Он вернулся спустя три месяца. И команда, до этого вялая, разрозненная, проигрывавшая более слабым, казавшаяся устаревшей, чуть ли не вчерашним днем хоккея, с первого же матча под его началом принялась побеждать и заиграла, как и раньше. И никто не удивился перемене: устной молвой Тарасов был давно возведен в сан всемогущего хоккейного владыки.
Человек крутого, противоречивого, изменчивого нрава, человек не без коварства, Тарасов, сам о том не помышляя, создал нечто вроде моральной проблемы: что простительно, чем можно пренебречь в человеческих отношениях ради побед, ради игры высокого класса?
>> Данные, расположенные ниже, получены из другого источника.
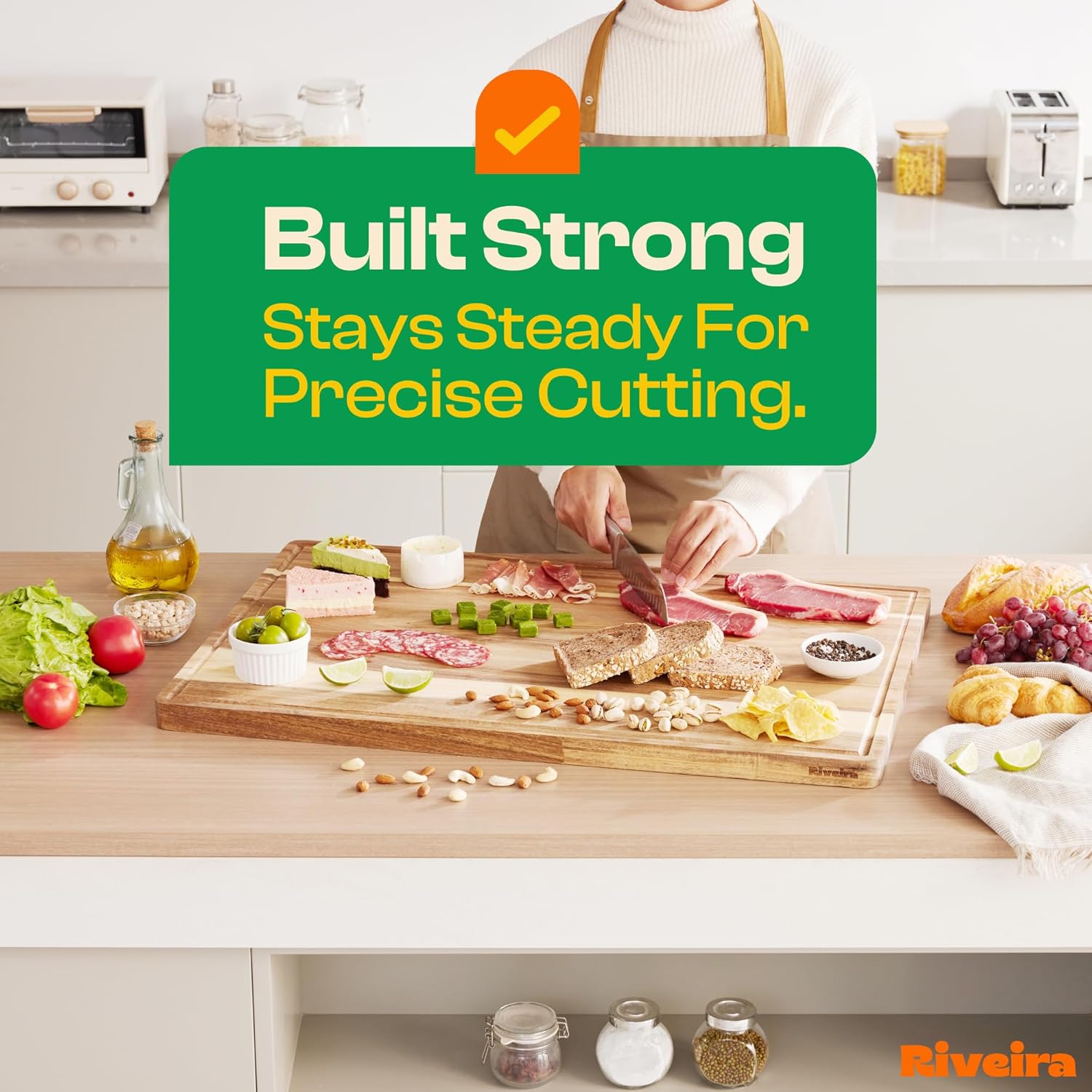 - Premium Crafted Acacia — Take a detour from traditional kitchen aesthetics with this acacia wood board crafted from 100% natural acacia. Beyond being an unconventional and eco-friendly choice, the chopping board wood proudly showcases the environment friendly and organic acacia. This wood cutting boards for kitchen counter adds an unexpected touch of confidence and style to your once-orderly culinary space. Riviera's wooden chopping boards for kitchen will be there for many years to come.

Речь не о прописных вещах, не о выпивке, курении, сквернословии, расхлябанности... У Тарасова со многими функционерами, тренерами, бывшими игроками, журналистами были либо вконец порванные, либо надтреснутые отношения. Его версия: «Я превращаю безвестных игроков в чемпионов, да, я неумолим, безжалостен, но пусть хоккей, один хоккей с его высшими интересами, нас рассудит». Их версия: «Мы прекрасно знаем, что он выдающийся тренер, все им содеянное — на виду, но разве нельзя одновременно быть человеколюбивым, великодушным, не считать, что за успехи все спишется?»
Думаю, неспроста на тех мировых чемпионатах, на которых нашу сборную единолично возглавлял Тарасов, она первой не становилась. Когда же старшим тренером поставили Аркадия Ивановича Чернышева, человека уравновешенного, спокойного, с повадками старого московского интеллигента, а Тарасов был при нем вторым, дела пошли на лад. Хоть и видывал их в работе на чемпионатах мира, не возьмусь судить, каким образом сливались воедино эти два разных человеческих начала. Но сливались. Тарасов обострял, Чернышев сглаживал, и получалось как надо. Поначалу Тарасов, как мне кажется, несколько тяготился тем, что он «второй», а потом смирился, практичность сосуществования стала очевидна и для него. Тем более что общественное мнение без него, второго тренера, дуэта не мыслило: дома-то Тарасов со своим ЦСКА оставался первым, а Чернышев со своим «Динамо» — хорошо если вторым, а то и третьим.
Душевные соприкосновения людей в моменты наивысшего напряжения сил и нервов, в разгар конфликта привлекали и, чем дальше, будут привлекать к себе еще сильнее. В спорте эти соприкосновения и наиболее заповедны, и наиболее интригуют. Расхожий афоризм «победителей не судят» произведен на свет как широкий жест всепрощения в момент долгожданного торжества. Афоризм шикарный. Да только слишком далеко он уводит.
Спорт разведывает возможности тренированных людей, это несомненно. Но гонка за победами вынуждает порой опережать эти возможности. Тогда нарушается смысл спорта, он уходит от людей в область затаенную и секретную, о которой помалкивают. Думаю, что на этом направлении его поджидает тупик;
мнится момент, когда придется заворачивать оглобли и выезжать снова на прямую магистраль. Рассуждение, понимаю, общего характера, но невольно оно напросилось, коль скоро было упомянуто, что одним из многообещающих и надежных резервов являются поиски наилучших человеческих отношений. Про одного тренера мне говорил его сподвижник, наблюдательный и знающий: «Он никогда не выведет команду в чемпионы — для этого людей надо объединять, а он разъединяет, ссорит».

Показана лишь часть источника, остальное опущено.